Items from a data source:

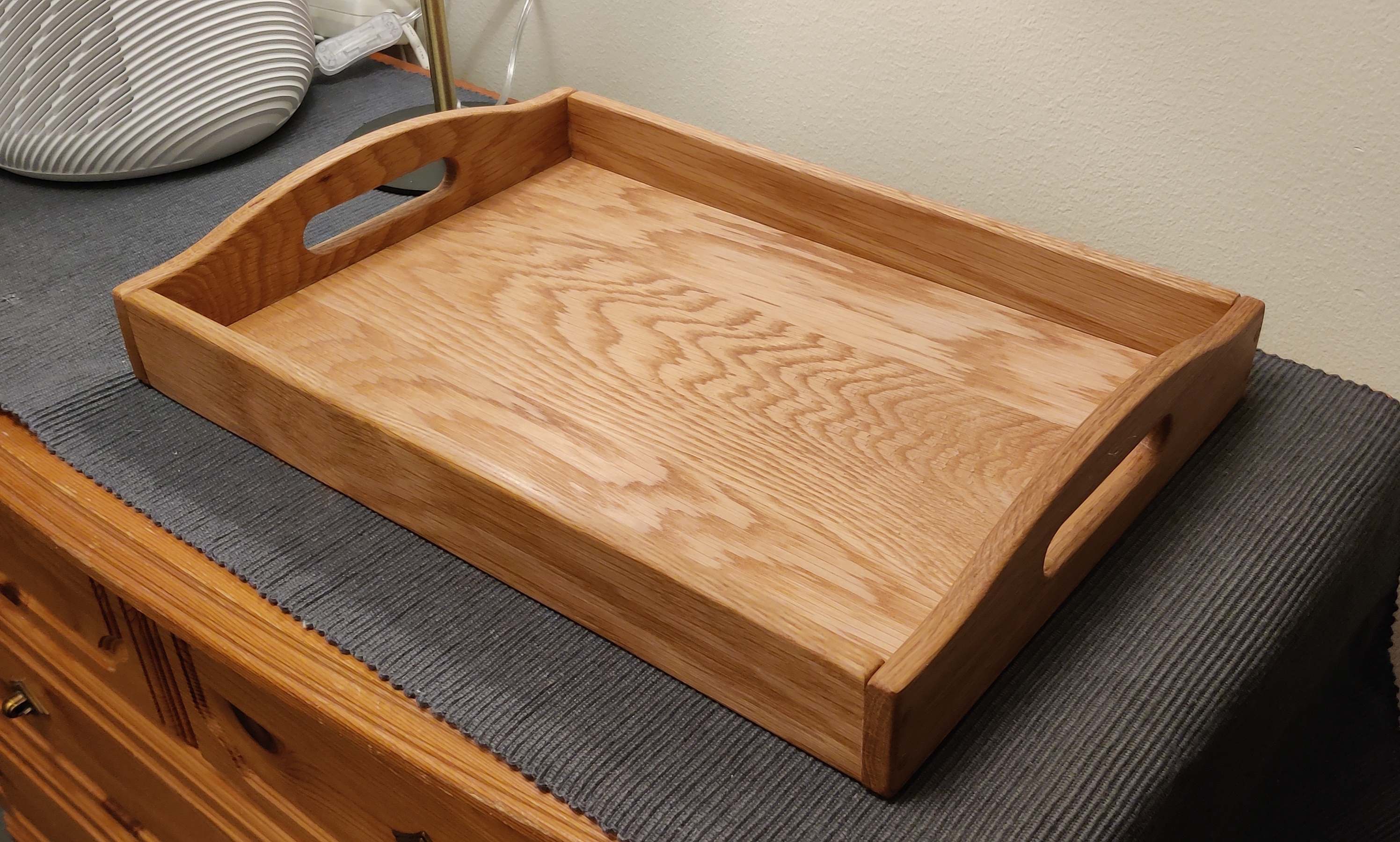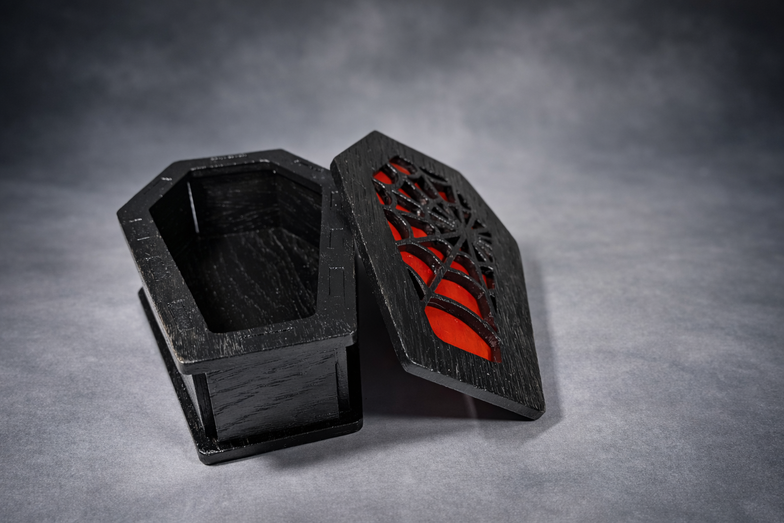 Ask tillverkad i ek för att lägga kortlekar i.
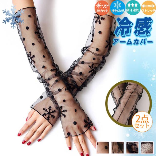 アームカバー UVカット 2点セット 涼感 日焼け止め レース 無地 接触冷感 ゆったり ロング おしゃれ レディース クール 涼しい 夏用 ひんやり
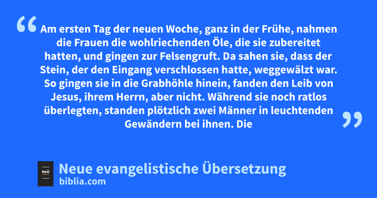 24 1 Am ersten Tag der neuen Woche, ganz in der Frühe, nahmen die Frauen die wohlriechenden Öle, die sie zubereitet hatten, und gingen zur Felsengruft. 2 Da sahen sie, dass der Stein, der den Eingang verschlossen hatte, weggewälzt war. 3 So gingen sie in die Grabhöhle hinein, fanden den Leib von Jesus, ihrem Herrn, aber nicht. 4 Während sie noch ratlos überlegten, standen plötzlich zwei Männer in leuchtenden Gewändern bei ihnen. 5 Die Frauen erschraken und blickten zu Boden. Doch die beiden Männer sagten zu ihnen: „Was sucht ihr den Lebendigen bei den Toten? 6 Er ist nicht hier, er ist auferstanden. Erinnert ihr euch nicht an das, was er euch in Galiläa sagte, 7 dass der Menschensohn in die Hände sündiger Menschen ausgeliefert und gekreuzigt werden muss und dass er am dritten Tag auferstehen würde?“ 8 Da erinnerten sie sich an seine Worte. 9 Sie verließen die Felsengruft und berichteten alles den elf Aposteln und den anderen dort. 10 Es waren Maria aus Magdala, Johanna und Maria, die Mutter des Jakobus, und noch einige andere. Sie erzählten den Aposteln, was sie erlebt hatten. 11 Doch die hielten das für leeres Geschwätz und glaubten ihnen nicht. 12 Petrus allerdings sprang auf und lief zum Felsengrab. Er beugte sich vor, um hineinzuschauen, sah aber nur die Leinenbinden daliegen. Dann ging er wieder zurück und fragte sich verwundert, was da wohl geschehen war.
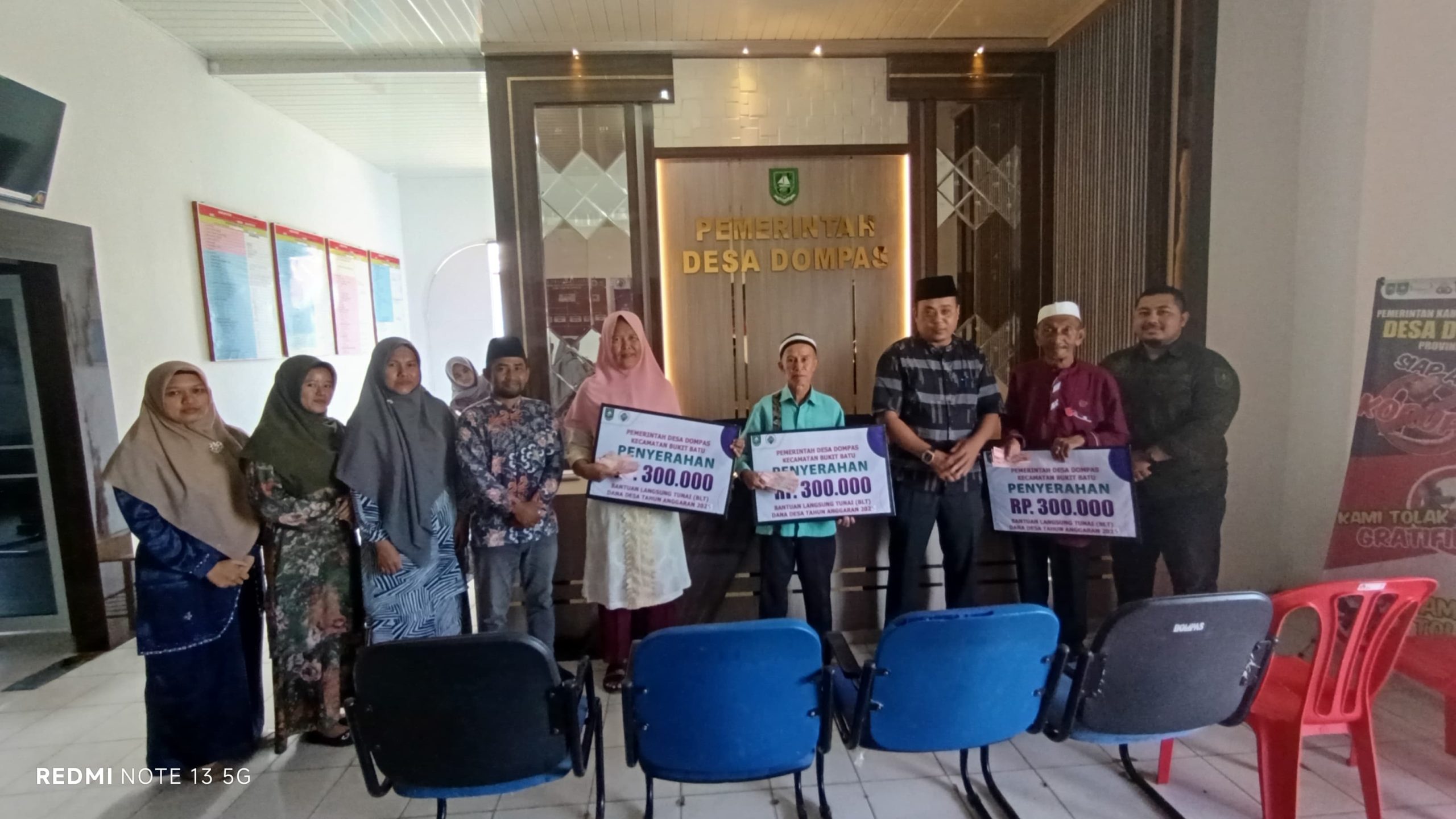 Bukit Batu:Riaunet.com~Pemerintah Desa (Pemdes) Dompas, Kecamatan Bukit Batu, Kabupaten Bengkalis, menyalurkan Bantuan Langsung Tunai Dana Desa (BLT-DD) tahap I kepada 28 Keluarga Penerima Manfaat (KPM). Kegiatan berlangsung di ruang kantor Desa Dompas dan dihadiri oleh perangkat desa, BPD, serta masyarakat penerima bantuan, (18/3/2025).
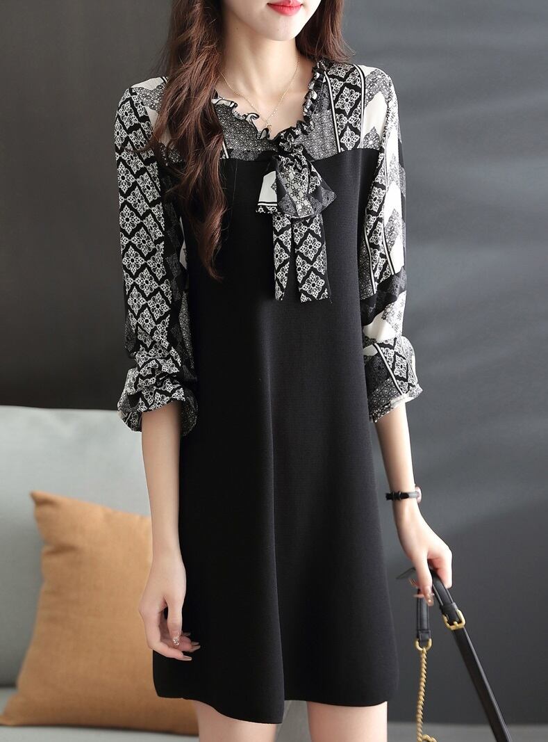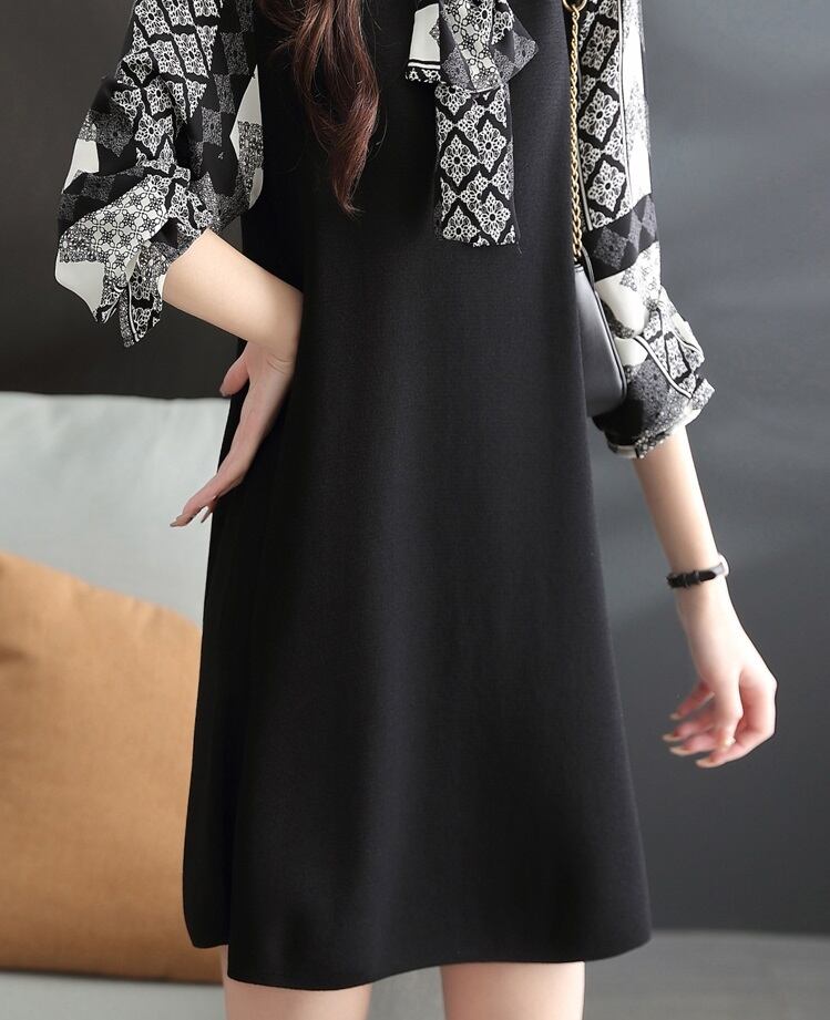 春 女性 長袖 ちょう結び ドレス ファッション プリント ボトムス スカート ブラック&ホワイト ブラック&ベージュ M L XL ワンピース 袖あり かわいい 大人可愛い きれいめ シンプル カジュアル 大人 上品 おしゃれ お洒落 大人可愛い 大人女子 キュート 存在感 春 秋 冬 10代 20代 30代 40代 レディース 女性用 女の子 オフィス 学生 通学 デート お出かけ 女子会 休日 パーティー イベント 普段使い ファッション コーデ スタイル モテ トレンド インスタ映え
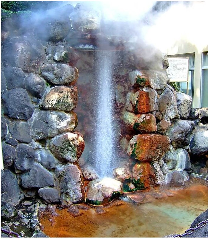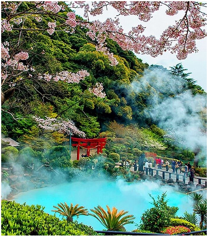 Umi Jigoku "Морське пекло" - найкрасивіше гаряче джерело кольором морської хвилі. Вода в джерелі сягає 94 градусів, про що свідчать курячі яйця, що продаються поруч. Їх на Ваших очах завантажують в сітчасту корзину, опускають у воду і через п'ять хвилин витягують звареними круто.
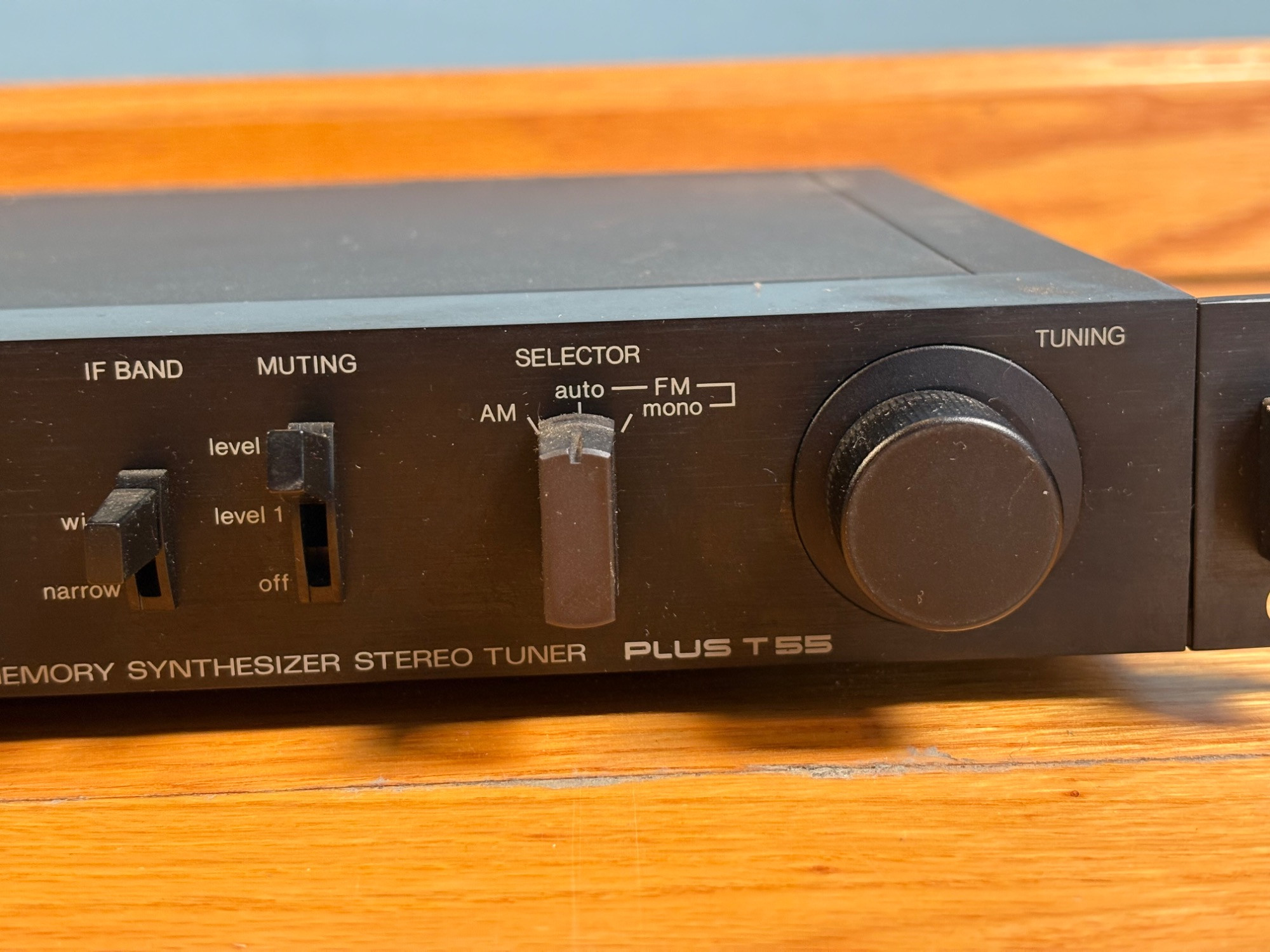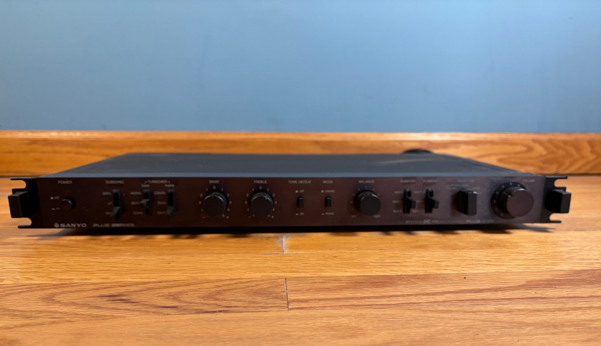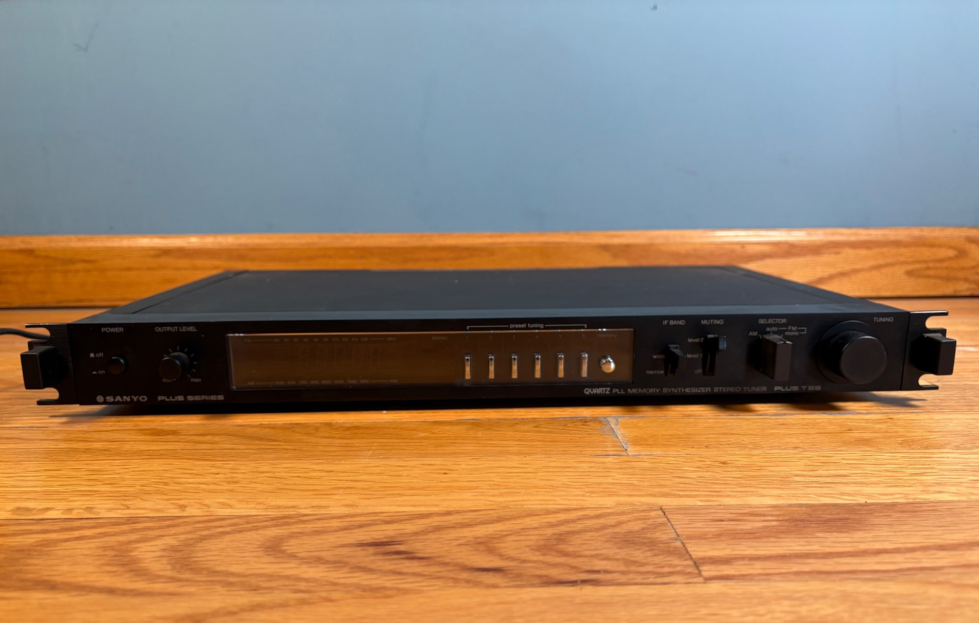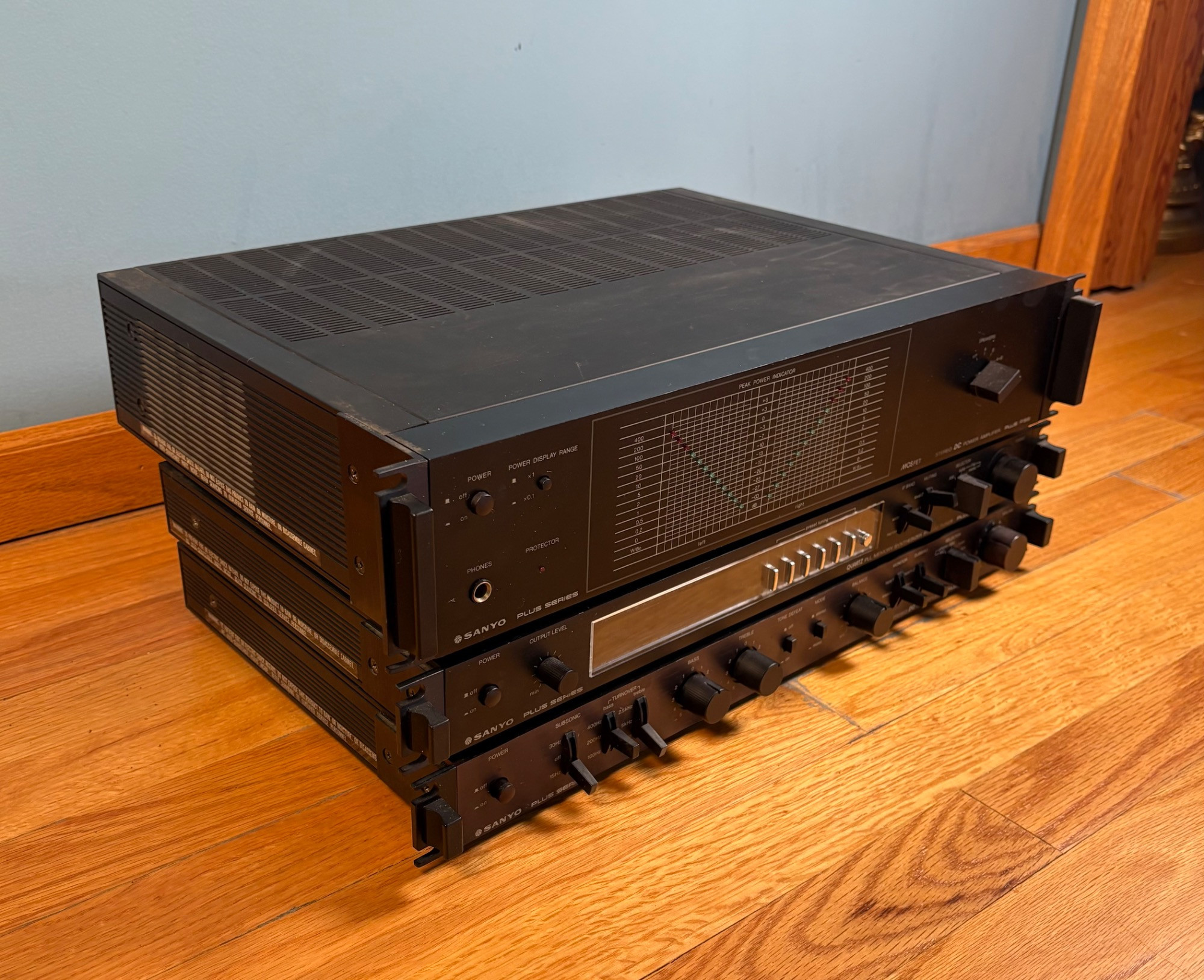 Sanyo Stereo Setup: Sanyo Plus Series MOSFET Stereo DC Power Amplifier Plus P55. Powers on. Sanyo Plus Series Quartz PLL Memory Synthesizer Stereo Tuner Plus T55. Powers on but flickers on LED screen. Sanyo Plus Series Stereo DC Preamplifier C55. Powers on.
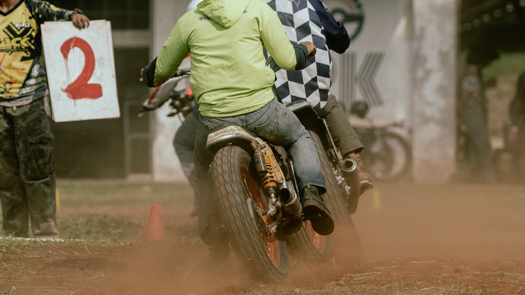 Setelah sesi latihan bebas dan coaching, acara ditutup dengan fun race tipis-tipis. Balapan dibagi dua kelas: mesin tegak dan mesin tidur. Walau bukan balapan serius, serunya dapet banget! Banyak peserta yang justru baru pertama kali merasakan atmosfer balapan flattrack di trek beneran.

**Task prompt**. The expected output is every record above, copied exactly, without pictures.

**Solution to this task**.
 Ask tillverkad i ek för att lägga kortlekar i.
 アームカバー UVカット 2点セット 涼感 日焼け止め レース 無地 接触冷感 ゆったり ロング おしゃれ レディース クール 涼しい 夏用 ひんやり
 24 1 Am ersten Tag der neuen Woche, ganz in der Frühe, nahmen die Frauen die wohlriechenden Öle, die sie zubereitet hatten, und gingen zur Felsengruft. 2 Da sahen sie, dass der Stein, der den Eingang verschlossen hatte, weggewälzt war. 3 So gingen sie in die Grabhöhle hinein, fanden den Leib von Jesus, ihrem Herrn, aber nicht. 4 Während sie noch ratlos überlegten, standen plötzlich zwei Männer in leuchtenden Gewändern bei ihnen. 5 Die Frauen erschraken und blickten zu Boden. Doch die beiden Männer sagten zu ihnen: „Was sucht ihr den Lebendigen bei den Toten? 6 Er ist nicht hier, er ist auferstanden. Erinnert ihr euch nicht an das, was er euch in Galiläa sagte, 7 dass der Menschensohn in die Hände sündiger Menschen ausgeliefert und gekreuzigt werden muss und dass er am dritten Tag auferstehen würde?“ 8 Da erinnerten sie sich an seine Worte. 9 Sie verließen die Felsengruft und berichteten alles den elf Aposteln und den anderen dort. 10 Es waren Maria aus Magdala, Johanna und Maria, die Mutter des Jakobus, und noch einige andere. Sie erzählten den Aposteln, was sie erlebt hatten. 11 Doch die hielten das für leeres Geschwätz und glaubten ihnen nicht. 12 Petrus allerdings sprang auf und lief zum Felsengrab. Er beugte sich vor, um hineinzuschauen, sah aber nur die Leinenbinden daliegen. Dann ging er wieder zurück und fragte sich verwundert, was da wohl geschehen war.
 Bukit Batu:Riaunet.com~Pemerintah Desa (Pemdes) Dompas, Kecamatan Bukit Batu, Kabupaten Bengkalis, menyalurkan Bantuan Langsung Tunai Dana Desa (BLT-DD) tahap I kepada 28 Keluarga Penerima Manfaat (KPM). Kegiatan berlangsung di ruang kantor Desa Dompas dan dihadiri oleh perangkat desa, BPD, serta masyarakat penerima bantuan, (18/3/2025).
 春 女性 長袖 ちょう結び ドレス ファッション プリント ボトムス スカート ブラック&ホワイト ブラック&ベージュ M L XL ワンピース 袖あり かわいい 大人可愛い きれいめ シンプル カジュアル 大人 上品 おしゃれ お洒落 大人可愛い 大人女子 キュート 存在感 春 秋 冬 10代 20代 30代 40代 レディース 女性用 女の子 オフィス 学生 通学 デート お出かけ 女子会 休日 パーティー イベント 普段使い ファッション コーデ スタイル モテ トレンド インスタ映え
 Umi Jigoku "Морське пекло" - найкрасивіше гаряче джерело кольором морської хвилі. Вода в джерелі сягає 94 градусів, про що свідчать курячі яйця, що продаються поруч. Їх на Ваших очах завантажують в сітчасту корзину, опускають у воду і через п'ять хвилин витягують звареними круто.
 Sanyo Stereo Setup: Sanyo Plus Series MOSFET Stereo DC Power Amplifier Plus P55. Powers on. Sanyo Plus Series Quartz PLL Memory Synthesizer Stereo Tuner Plus T55. Powers on but flickers on LED screen. Sanyo Plus Series Stereo DC Preamplifier C55. Powers on.
 Setelah sesi latihan bebas dan coaching, acara ditutup dengan fun race tipis-tipis. Balapan dibagi dua kelas: mesin tegak dan mesin tidur. Walau bukan balapan serius, serunya dapet banget! Banyak peserta yang justru baru pertama kali merasakan atmosfer balapan flattrack di trek beneran.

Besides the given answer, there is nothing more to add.